As Spaniards in the peninsula and overseas grappled with the new political reality, for them it created a crisis of legitimacy of rule. Many places in Spain created juntas to rule in place of the legitimate monarch. A Supreme Central Junta was created to coordinate the multiplicity of juntas. Napoleon opened a new way for the Spanish Empire to be constituted.
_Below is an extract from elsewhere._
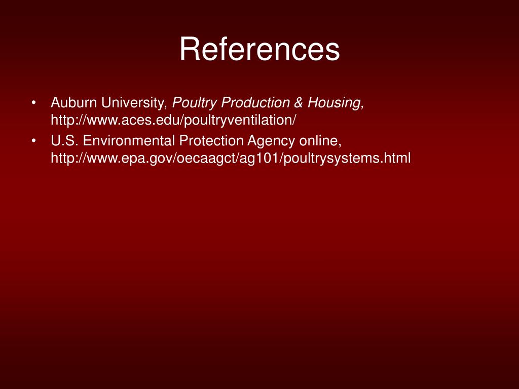 References • Auburn University, Poultry Production & Housing, http://www.aces.edu/poultryventilation/ • U.S. Environmental Protection Agency online, http://www.epa.gov/oecaagct/ag101/poultrysystems.html

His vision acknowledged the aspirations of Spanish colonies for greater equality and autonomy. Spaniards rejecting Napoleon's rule meant they needed to offer political inducements for Spanish America and the Philippines to stay loyal to the empire. A new Cortes was called with delegates from Spain and overseas components of the Spanish Empire in the Americas and the Philippines. The Spanish organized an interim Spanish government, the Supreme Central Junta, and called for a Cortes to convene with representatives from all Spanish provinces in the empire, in order to establish a government with a firm claim to legitimacy. The Junta first met on 25 September 1808 in Aranjuez and later in Seville, before retreating to Cádiz. Cádiz was the most secure place for the Cortes to take place, since it was a fortified port. Retreating before the advancing French and an outbreak of yellow fever, the Supreme Central Junta moved to Isla de León, where it could be supplied and defended with the help of the Spanish and British navies, and abolished itself, leaving a regency to rule until the Cortes could convene. The Cortes of Cádiz crafted and adopted the Constitution while besieged by French troops, first on Isla de León (now San Fernando), then an island separated from the mainland by a shallow waterway on the Atlantic side of the Bay of Cádiz, and within the small, strategically located city of Cádiz itself.

When the Cortes convened in Cádiz in 1810, there appeared to be two possibilities for Spain's political future if the French could be driven out. The first, represented especially by Gaspar Melchor de Jovellanos, was the restoration of the absolutist Antiguo Régimen ("Old Regime"); the second was to adopt some sort of written constitution.

The Cortes did not have revolutionary intentions, since the Supreme Central Junta saw itself simply as a continuation of the legitimate government of Spain in the absence of a monarch considered legitimate. The opening session of the new Cortes was held on 24 September 1810 in the building now known as the Real Teatro de las Cortes. The opening ceremonies included a civic procession, a Mass, and a call by the President of the Regency, Pedro Quevedo y Quintana, the Bishop of Ourense, for those present to fulfill their task loyally and efficiently. Still, the very act of resistance to the French involved a certain degree of deviation from the doctrine of royal sovereignty: if sovereignty resided entirely in the monarch, then Charles and Ferdinand's abdications in favor of Napoleon would have made Joseph Bonaparte the legitimate ruler of Spain.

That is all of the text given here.